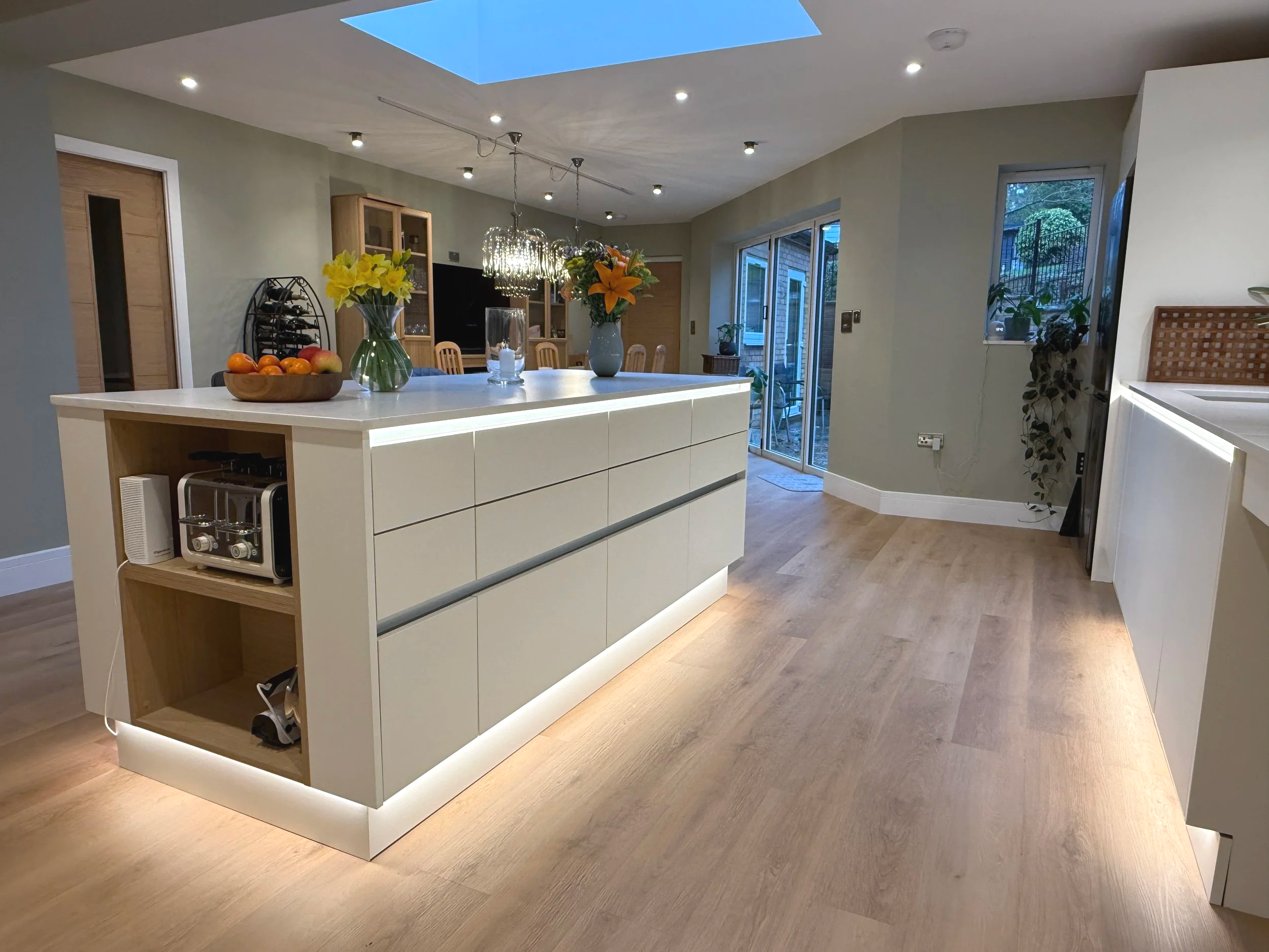 This exceptional bespoke kitchen renovation in Flore, Northamptonshire saw the Pask family entrust Saturn Kitchens and Interiors with the complete transformation of the ground floor of their home. The project began with the demolition of the existing kitchen and utility spaces to create an entirely new, thoughtfully designed floorplan tailored to both modern family living and accessibility needs.
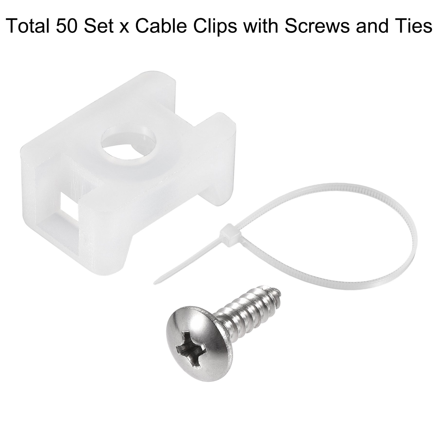 14.6mm x 10mm x 6.85mm Nylon Cable Fasten Clip with Screws and Ties White 50 Set
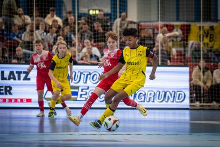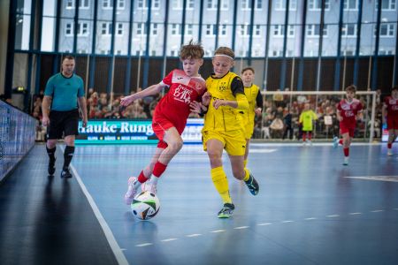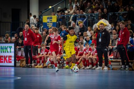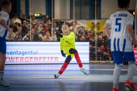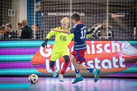Mit diesem Sieg waren unsere Kicker dann endlich im Turnier angekommen und legten jede Nervosität ab. Gegen den späteren Finalisten RB Leipzig mussten sich unsere Kicker zwar mit 0:3 geschlagen geben, jedoch blieb im letzten Gruppenspiel die Chance auf Platz 4 in der Gruppe. Und diesen holten sich unsere Jungs mit einem bärenstarken Auftritt gegen den Hamburger SV. Wieder war es Piet Hoffmann, der für unseren GFC zur Führung traf. Phil Strysewske, Johann Kampf und erneut Piet Hoffmann legten nach und der GFC führte mit 4:0. Am zweiten Turniersieg konnte auch der Ehrentreffer für den HSV nichts ändern und somit mussten unsere Kicker im Spiel um Platz 7 gegen den FC Hansa Rostock ran. Auch dort kam unser GFC gut ins Spiel und kam durch den Treffer von Johann Kampf zur Führung. In der Folge kam aber auch der FCH zu Chancen und nutzte sie zweimal. Am Ende reichte es für Hansa zum knappen Sieg und unsere Jungs mussten sich mit dem 8. Platz vergnügen. Wie schon erwähnt, kamen unsere Gruppenkontrahenten Borussia Dortmund und RB Leipzig dann auch ins Finale, wo der BVB die Partie souverän mit 3:1 gewinnen konnte. Bei der Siegerehrung holte sich unser Keeper Jarne Hotopp dann noch die Ehrung zum "Besten Torhüter des Turniers" ab. Am Ende war es ein toller Tag für alle Beteiligten. Egal ob die Jungs, die vor einer geilen Kulisse spielen durften oder die Trainer und Eltern, die alles begleiten durften.

▸ **Description of the task**
All of the material above goes into the copy exactly as is; the pictures do not.

▸ **Final answer**
 This exceptional bespoke kitchen renovation in Flore, Northamptonshire saw the Pask family entrust Saturn Kitchens and Interiors with the complete transformation of the ground floor of their home. The project began with the demolition of the existing kitchen and utility spaces to create an entirely new, thoughtfully designed floorplan tailored to both modern family living and accessibility needs.
 14.6mm x 10mm x 6.85mm Nylon Cable Fasten Clip with Screws and Ties White 50 Set
Mit diesem Sieg waren unsere Kicker dann endlich im Turnier angekommen und legten jede Nervosität ab. Gegen den späteren Finalisten RB Leipzig mussten sich unsere Kicker zwar mit 0:3 geschlagen geben, jedoch blieb im letzten Gruppenspiel die Chance auf Platz 4 in der Gruppe. Und diesen holten sich unsere Jungs mit einem bärenstarken Auftritt gegen den Hamburger SV. Wieder war es Piet Hoffmann, der für unseren GFC zur Führung traf. Phil Strysewske, Johann Kampf und erneut Piet Hoffmann legten nach und der GFC führte mit 4:0. Am zweiten Turniersieg konnte auch der Ehrentreffer für den HSV nichts ändern und somit mussten unsere Kicker im Spiel um Platz 7 gegen den FC Hansa Rostock ran. Auch dort kam unser GFC gut ins Spiel und kam durch den Treffer von Johann Kampf zur Führung. In der Folge kam aber auch der FCH zu Chancen und nutzte sie zweimal. Am Ende reichte es für Hansa zum knappen Sieg und unsere Jungs mussten sich mit dem 8. Platz vergnügen. Wie schon erwähnt, kamen unsere Gruppenkontrahenten Borussia Dortmund und RB Leipzig dann auch ins Finale, wo der BVB die Partie souverän mit 3:1 gewinnen konnte. Bei der Siegerehrung holte sich unser Keeper Jarne Hotopp dann noch die Ehrung zum "Besten Torhüter des Turniers" ab. Am Ende war es ein toller Tag für alle Beteiligten. Egal ob die Jungs, die vor einer geilen Kulisse spielen durften oder die Trainer und Eltern, die alles begleiten durften.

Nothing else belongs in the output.